In any case, this year's tax-filing experience having borne such a remarkable resemblance to last year's tax-filing experience - except worse because now we had to figure out how to pay taxes on income from the books I'd sold - lump the book income in with the piano teaching income? Crack open a second business Schedule C? - anyway, my brain being in no mood, I decided to just re-publish last year's post on the subject:
A Taxing Endeavor (Posted 4/5/2017)
The Lieutenant Colonel is a wiz at many things, the filing of income taxes being among them.
He devours tax forms, schedules and work sheets by the bushel and spits out the seeds,
The Lieutenant Colonel's wife, not so much.
But Taxese is one language I swear I'll never conquer.
Every year around this time Tom and I sit down together at the dining room table for the purpose of doing the taxes.
To this end I always take voluminous notes,
"But those are the same notes you took last year and the year before that and the year before that," said Tom, glancing at my notebook as I scribbled away, "why do go to the trouble of writing down the same things year after year?"
"Repetition is the key to learning," I replied,
...though that kind of thinking might just be more of a piano-teacher thing.
"Now, how do you fill in this line?" he asks me.
"You fill it in with 'ABC,' " I reply, jubilant that I've finally cracked the code of a single line item.
"What?" I cry in dismay, "how do you figure that?"

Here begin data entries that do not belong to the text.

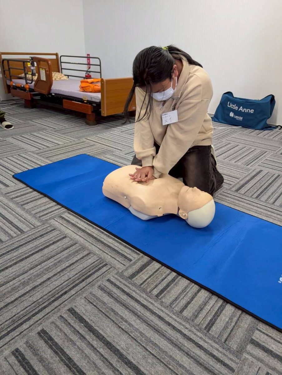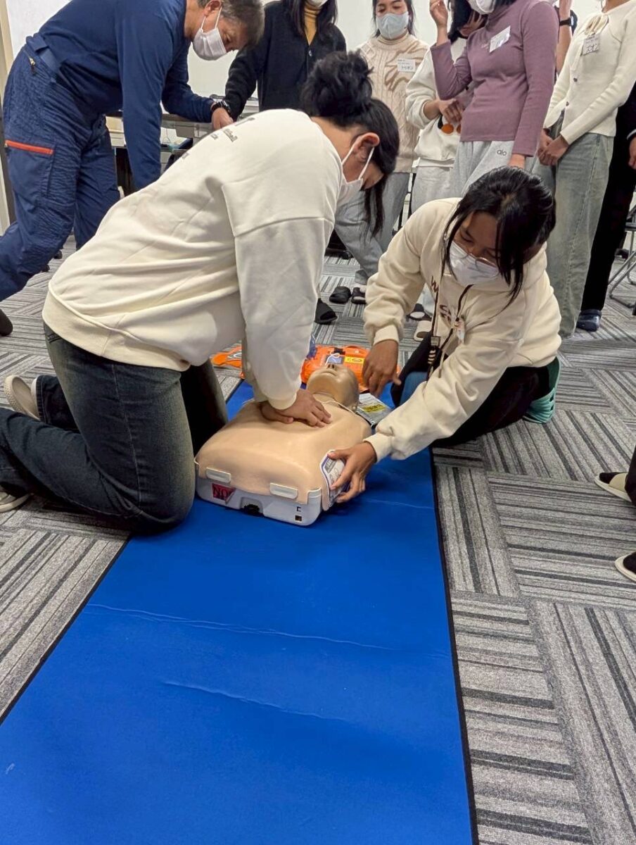 また、消防署の方のご指導のもと、消火器の使用方法や心臓マッサージなどの実技講習にも取り組みました。どの場面でも実習生は真剣に学び、積極的に理解を深める姿が見られました。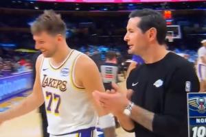 洛杉磯的寶!雷迪克暫停期間在東契奇身邊鼓掌加油 后者笑容滿面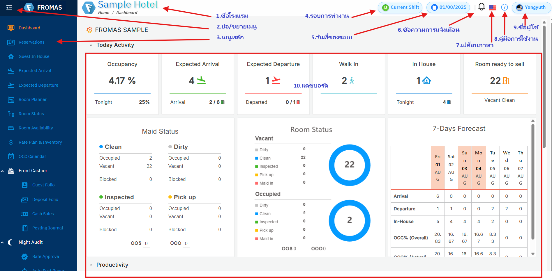 1. ชื่อโรงแรม แสดงชื่อโรงแรม/ชื่อฐานข้อมูล

"Well, see," he says pointing to the instruction booklet, "it's right here on page 37, number 11, letter C, subject 6-e." As if it were as clear as the nose on my face.
I mean, I'm quite sure our yearly income for the past decade wouldn't cover a down-payment for the cost of Melania's 25-carat rock,
But then at least I know where a portion of our hard-earned money goes.
Even if I could never in a million years figure out how to get it there.